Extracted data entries
※ ※ ※

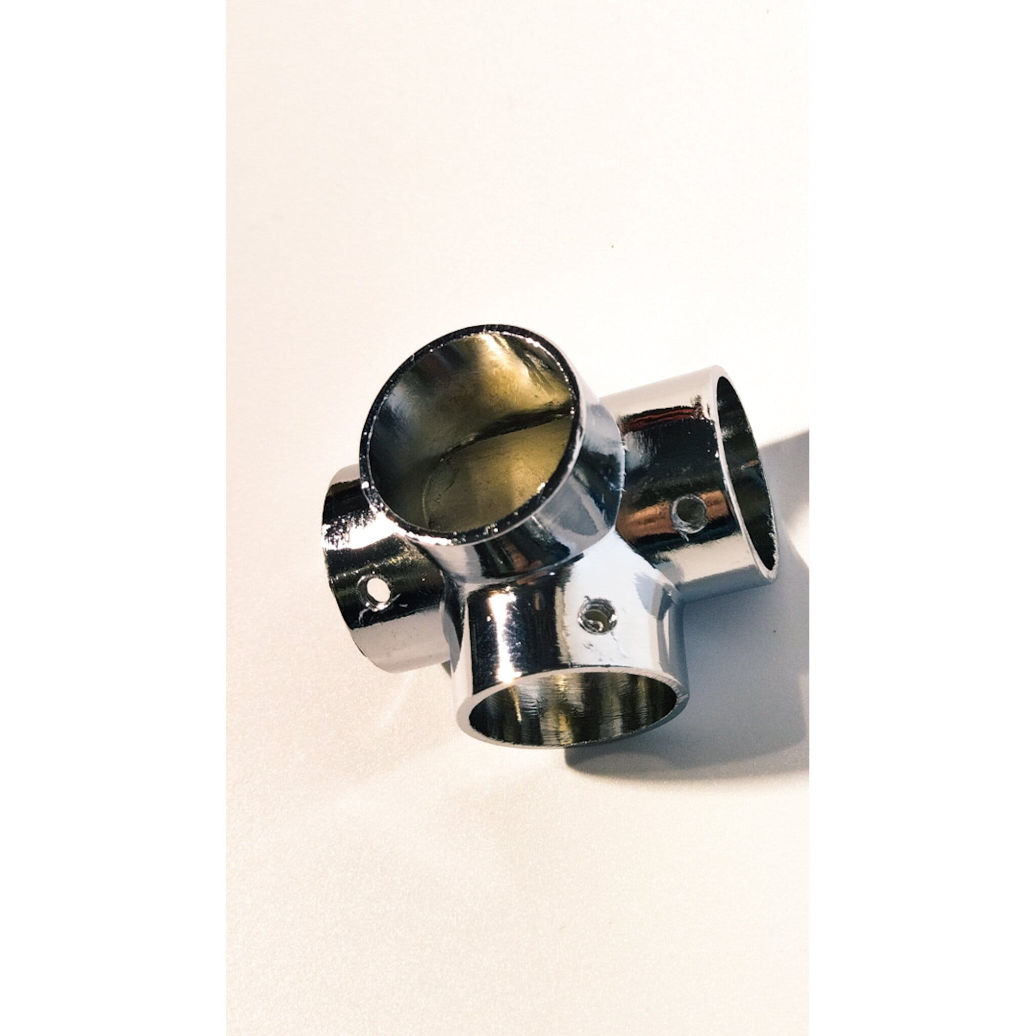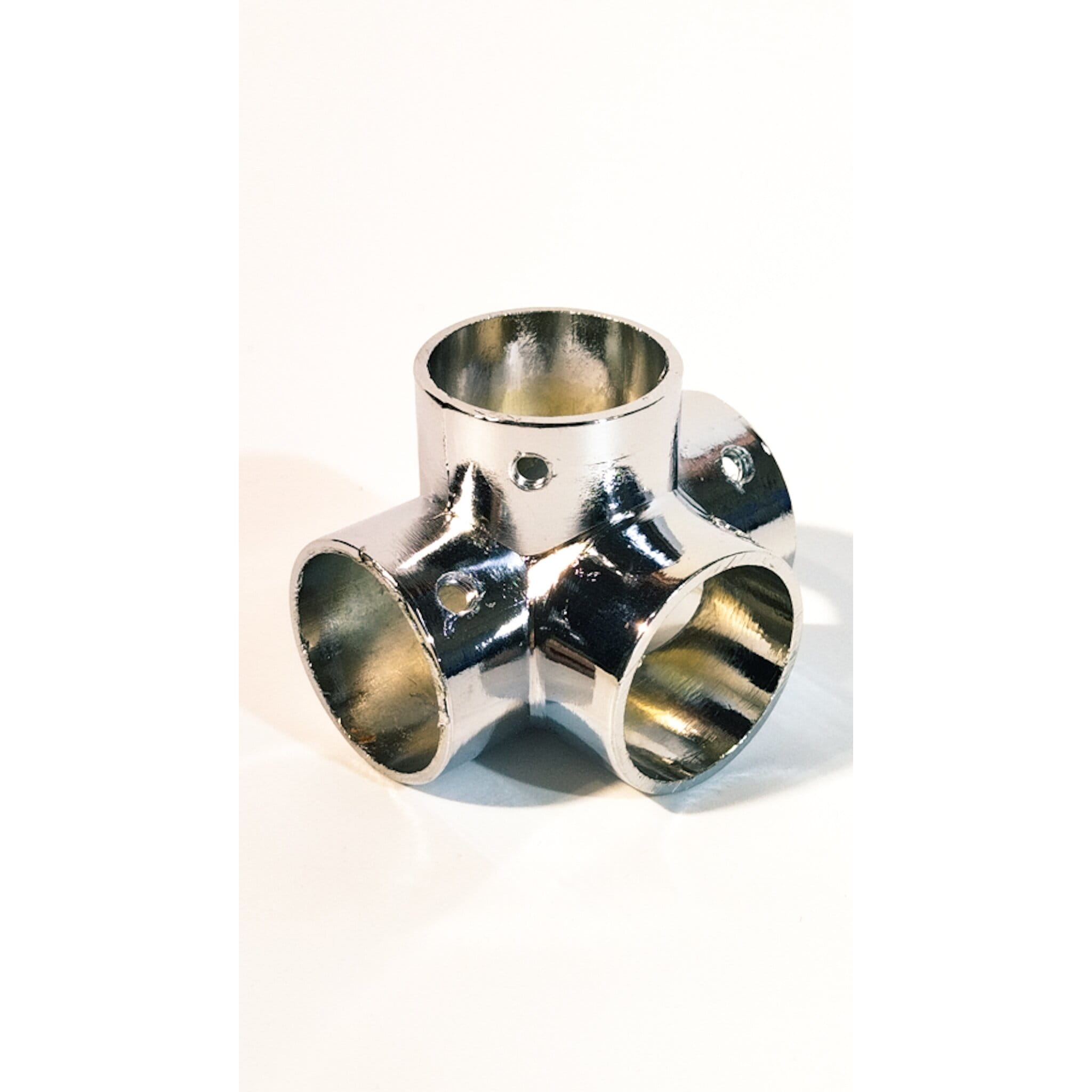 Złącze czteroramienne do rur 25 mm , metal, chrom.W długim kierunku rura możeprzejśćquot na wylot
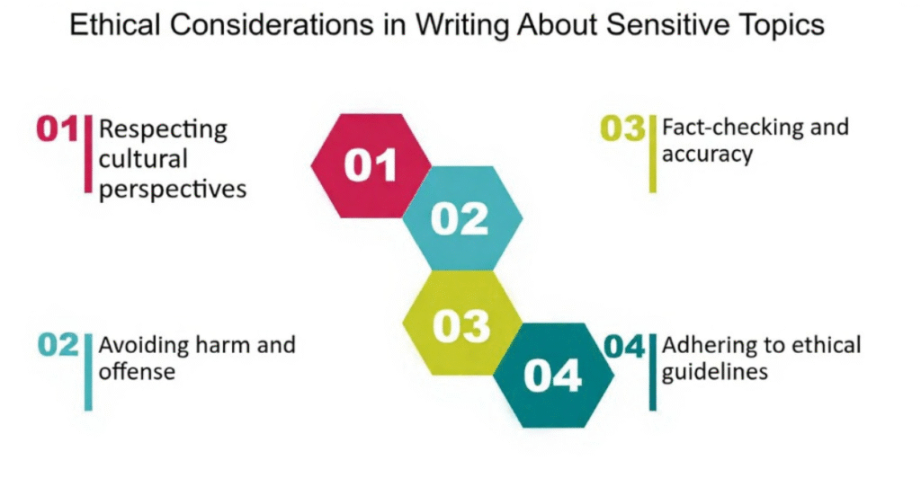 There is a great deal of responsibility when writing about delicate subjects. The words we use have the potential to empower, heal, injure, mislead, educate, or mute. When contentious topics are handled poorly, they become propaganda tools that strengthen divisions and reinforce prejudices. In order to promote meaningful conversations, a responsible approach places a high priority on creating ethical material while guaranteeing accuracy, cultural sensitivity, and courteous communication.
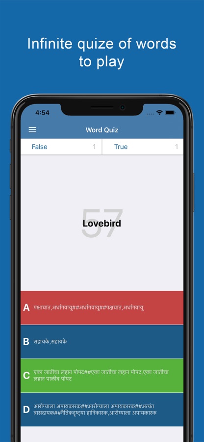 — We developed a new quiz inside Marathi dictionary! To take the quiz, you can easily tap the option icon in the top left side of the screen and choose quiz. Now, you will see a word in the screen with 4 answers, you will have to tap the answer that you think its right to see if it’s the good choice or not.
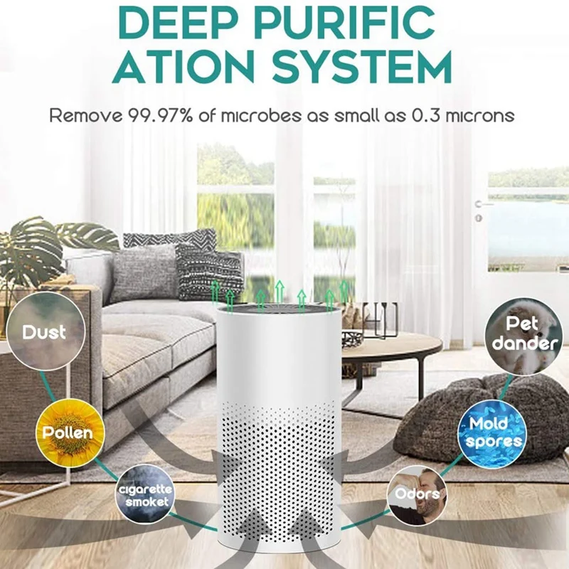 Компактный размер и отличная производительность-этот портативный очиститель воздуха является стоячим дизайном вентиляции. С всенаправленным углом 360 градусов, 1150 воздушные отверстия для увеличения потока воздуха и повышения эффективности очистки воздуха путем быстрого и точного вдыхания большого количества воздуха для достижения высокой производительности (до 2800 об/мин) двигатель постоянного тока для сильной циркуляции очищенного воздуха
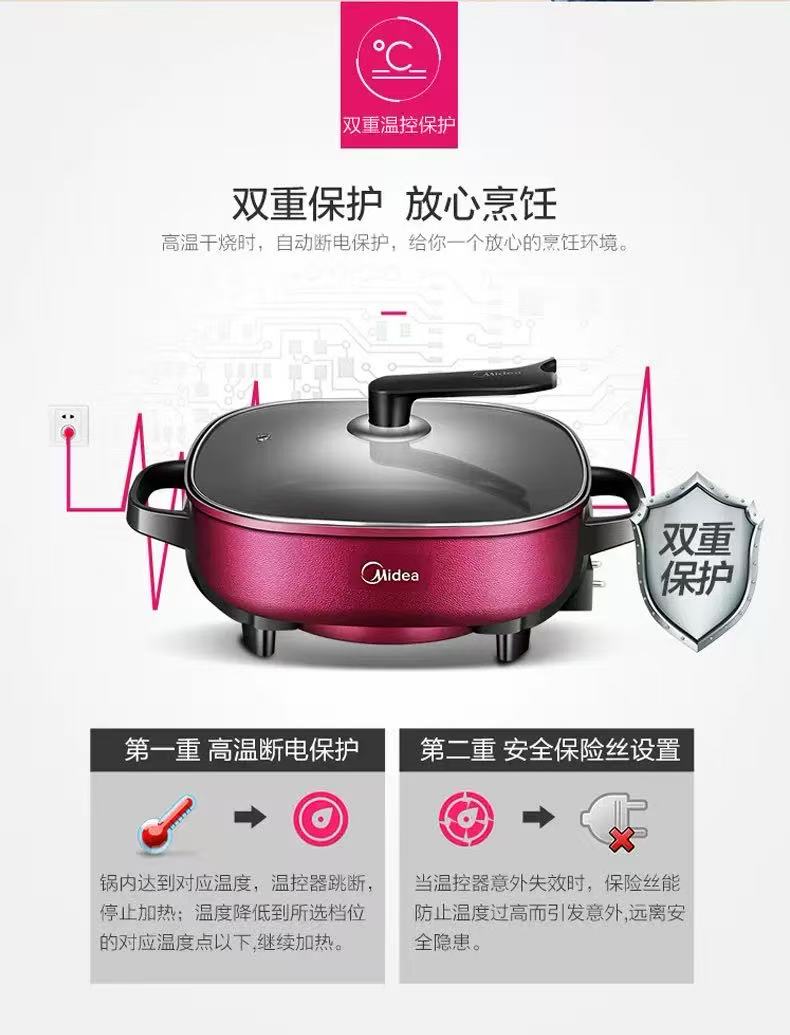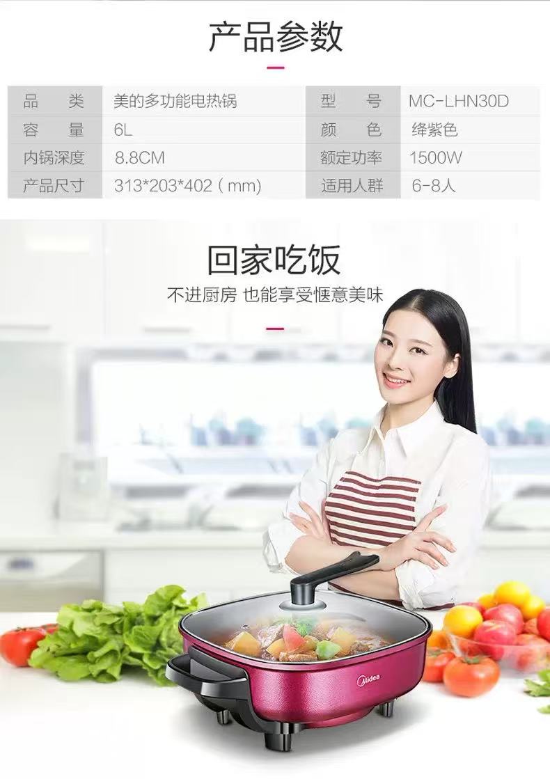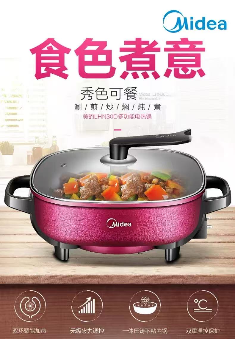 美的MC-LHN30D电火锅家用多功能一体式电炒锅炒菜不粘锅【LY】
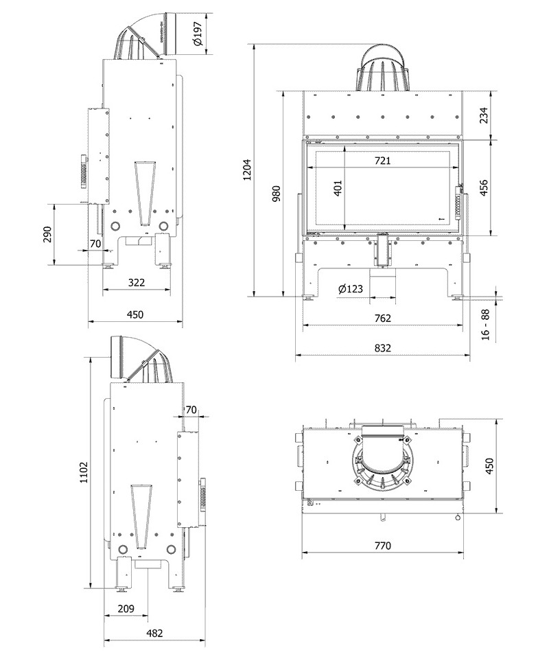Moderný oceľový rám pre krbové vložky FLOKI M PF rovné presklenie. Hlavnou výhodou je jeho rýchla a jednoduchá montáž bez pomoci akéhokoľvek náradia
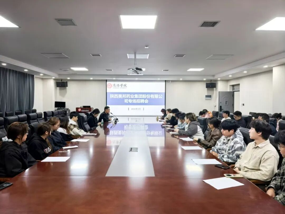 3月27日下午,陕西美邦药业集团股份有限公司专场招聘会在丹江校区顺利举行。本次招聘会吸引了生物学院、化材学院、电信学院共50余名应届毕业生前来参加。招聘会由化材学院辅导员田莎莎主持。

※ ※ ※

Copy out the entries exactly as they stand, omitting the images.

 Złącze czteroramienne do rur 25 mm , metal, chrom.W długim kierunku rura możeprzejśćquot na wylot
 There is a great deal of responsibility when writing about delicate subjects. The words we use have the potential to empower, heal, injure, mislead, educate, or mute. When contentious topics are handled poorly, they become propaganda tools that strengthen divisions and reinforce prejudices. In order to promote meaningful conversations, a responsible approach places a high priority on creating ethical material while guaranteeing accuracy, cultural sensitivity, and courteous communication.
 — We developed a new quiz inside Marathi dictionary! To take the quiz, you can easily tap the option icon in the top left side of the screen and choose quiz. Now, you will see a word in the screen with 4 answers, you will have to tap the answer that you think its right to see if it’s the good choice or not.
 Компактный размер и отличная производительность-этот портативный очиститель воздуха является стоячим дизайном вентиляции. С всенаправленным углом 360 градусов, 1150 воздушные отверстия для увеличения потока воздуха и повышения эффективности очистки воздуха путем быстрого и точного вдыхания большого количества воздуха для достижения высокой производительности (до 2800 об/мин) двигатель постоянного тока для сильной циркуляции очищенного воздуха
 美的MC-LHN30D电火锅家用多功能一体式电炒锅炒菜不粘锅【LY】
Moderný oceľový rám pre krbové vložky FLOKI M PF rovné presklenie. Hlavnou výhodou je jeho rýchla a jednoduchá montáž bez pomoci akéhokoľvek náradia
 3月27日下午,陕西美邦药业集团股份有限公司专场招聘会在丹江校区顺利举行。本次招聘会吸引了生物学院、化材学院、电信学院共50余名应届毕业生前来参加。招聘会由化材学院辅导员田莎莎主持。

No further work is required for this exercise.